Data-driven app design: Most app developers make design decisions based on gut or intuition, not using actual testing or data. And it’s obvious why: without granular data of revenue-performance you can’t track meaningful results. But this all changes with user level ad revenue. You can track the actual LTV impact of an app change or the churn from a monetization strategy shift. No more guessing!
We could do a whole blogpost on just this one value proposition. In our view, this is the future of mobile app development.
Choosing the best method for user level ad revenue
As earlier mentioned, some user level ad revenue (MoPub & ironSource) is aggregated by collecting post-back events that fire in the app and are collected via a server. But even if you are connecting to an API (AppLovin or ironSource), there is a lot of data to manipulate. The three most common ways impression-level data is accessed & used is by either a homegrown solution, an attribution provider (MMP), or an analytics platform.
Here we briefly discuss the use-case for each:
Homegrown solution: This can require significant investment to build and ongoing cost to support but if your desire at the end result is a completely customizable (and private) solution, investing in some or all of these capabilities may be best.
A noble undertaking, some of our customers have gone in this direction. The upside is flexibility and lower (hardware) operating cost. The downside is higher investment and ongoing operation overhead.
Attribution providers (Mobile Measurement Platforms): Analytics and Attribution providers, such as AppFlyer and Tenjin, offer impression-level reporting as part of their offerings. They have also built out API integrations so that the data can be easily exported to a BI tool or other analytics aggregator.
Note: These solutions vary in cost but often make the most sense when using them for attribution of user acquisition campaigns.
Mobile Analytics Platforms: By nature analytics platforms are built to capture a set of unstructured – or custom—structured events. App developers fire the event to their platform of choice, then capture and store it alongside of their analytics data. This can be beneficial because a natural extension of user level revenue is to start comparing this information against other user events and attributes. Be warned: it can cause additional parsing and transforming complexity to get the data usable!
Note: For app developers that do not want to build out the infrastructure themselves and are not pursuing paid user acquisition, AdLibertas recommends Firebase as the best option for capturing impression-level data. Firebase also offers a very generous free tier; for many small and mid-size app developers they will be able to use Firebase without incurring cost.

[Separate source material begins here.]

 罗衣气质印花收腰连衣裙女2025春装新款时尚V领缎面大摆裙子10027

AdLibertas Audience Reporting: Our customers have been struggling with the architecture and usability of the other solutions discussed so we’ve built a product suite to help them quickly and easily capture, store and use the impression-level data.

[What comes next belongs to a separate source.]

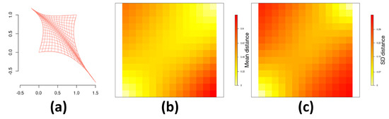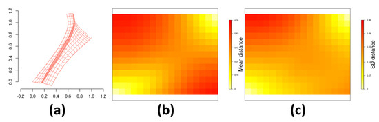 Estimation of the deformation d: (a) estimated mean deformation for the probit link function; (b) mean and (c) standard deviation for the posterior distribution of the distance between each centroid and for for the probit link function.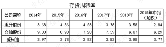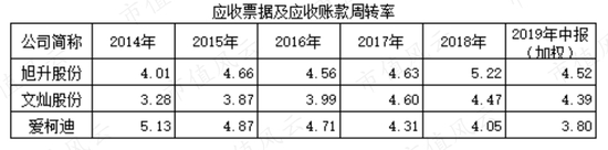 爱柯迪的存货周转率在3.8-3.9,比较稳定;旭升股份出现小幅下降,从2015年的4.36下降到2019年中报(加权)的2.84;文灿股份的存货周转率要高于前二者。

Notes: If you’re interested in easy, accurate access to your user-level revenue by event, action or chain of actions, check out our product page or see a demo by watching the video to the left.

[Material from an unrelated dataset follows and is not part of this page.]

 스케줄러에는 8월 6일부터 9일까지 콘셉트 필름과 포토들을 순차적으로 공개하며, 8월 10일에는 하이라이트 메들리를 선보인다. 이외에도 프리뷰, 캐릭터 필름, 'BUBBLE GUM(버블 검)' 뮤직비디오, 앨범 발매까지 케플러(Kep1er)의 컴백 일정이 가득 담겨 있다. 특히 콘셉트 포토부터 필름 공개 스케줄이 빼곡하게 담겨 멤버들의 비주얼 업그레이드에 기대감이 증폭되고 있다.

User level ad revenue offers a new level of granularity for mobile app developers. This granularity opens new types of analysis that can be performed, such as understanding how ads are performing for a set of users. The increase in granularity comes with additional technical challenges for capturing and processing the data, but for app developers looking to take their analytics to the next level impression-level data is a must.